The problem: In the records below, find the line containing "SUMBA BARAT –" and print it and every line after it exactly, through the end. Skip pictures.

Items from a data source
▽

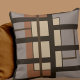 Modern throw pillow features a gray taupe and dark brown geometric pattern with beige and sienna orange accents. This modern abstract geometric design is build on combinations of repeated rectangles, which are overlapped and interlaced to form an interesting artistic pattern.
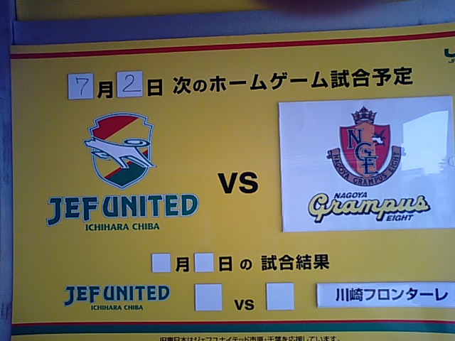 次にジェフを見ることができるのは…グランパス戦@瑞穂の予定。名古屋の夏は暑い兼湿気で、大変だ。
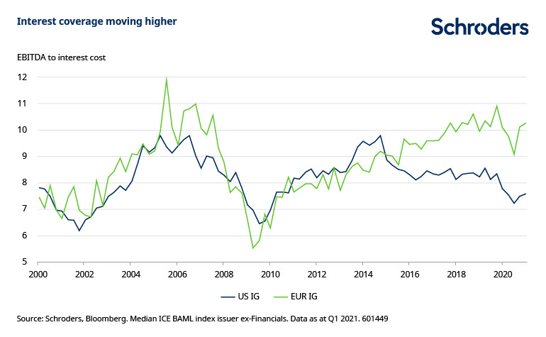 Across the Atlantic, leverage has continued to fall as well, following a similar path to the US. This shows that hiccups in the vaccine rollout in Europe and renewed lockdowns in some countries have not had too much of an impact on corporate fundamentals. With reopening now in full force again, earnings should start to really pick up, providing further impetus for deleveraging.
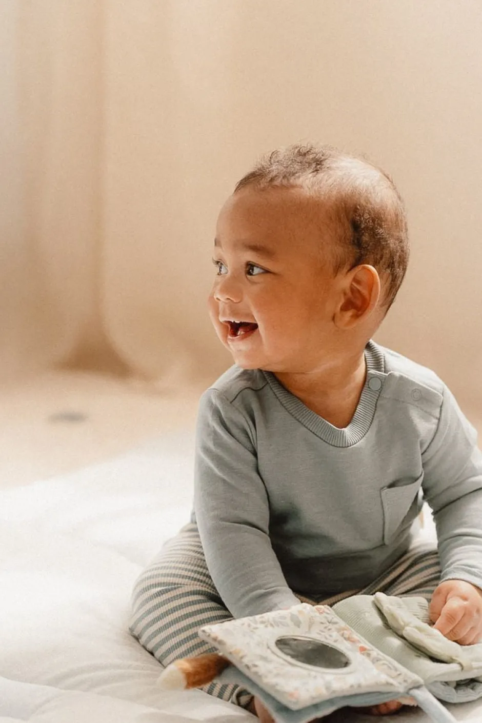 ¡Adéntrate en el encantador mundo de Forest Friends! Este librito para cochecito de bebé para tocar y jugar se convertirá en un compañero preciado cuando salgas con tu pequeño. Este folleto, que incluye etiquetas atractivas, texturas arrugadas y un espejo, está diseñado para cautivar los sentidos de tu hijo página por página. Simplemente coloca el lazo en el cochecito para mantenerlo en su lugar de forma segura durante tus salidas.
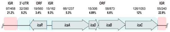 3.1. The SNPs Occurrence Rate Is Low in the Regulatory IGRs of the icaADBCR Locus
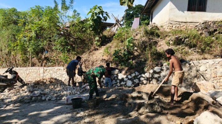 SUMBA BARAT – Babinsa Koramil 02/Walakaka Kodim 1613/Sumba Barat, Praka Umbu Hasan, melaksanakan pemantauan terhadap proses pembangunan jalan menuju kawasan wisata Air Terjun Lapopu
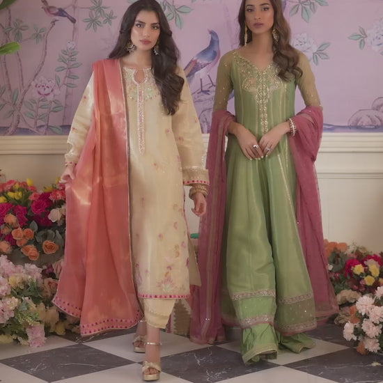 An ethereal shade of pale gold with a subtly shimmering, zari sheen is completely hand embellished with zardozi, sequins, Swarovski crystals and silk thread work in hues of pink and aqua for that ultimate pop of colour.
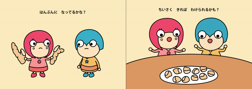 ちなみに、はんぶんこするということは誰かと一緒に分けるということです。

△

Solution to this problem:
 SUMBA BARAT – Babinsa Koramil 02/Walakaka Kodim 1613/Sumba Barat, Praka Umbu Hasan, melaksanakan pemantauan terhadap proses pembangunan jalan menuju kawasan wisata Air Terjun Lapopu
 An ethereal shade of pale gold with a subtly shimmering, zari sheen is completely hand embellished with zardozi, sequins, Swarovski crystals and silk thread work in hues of pink and aqua for that ultimate pop of colour.
 ちなみに、はんぶんこするということは誰かと一緒に分けるということです。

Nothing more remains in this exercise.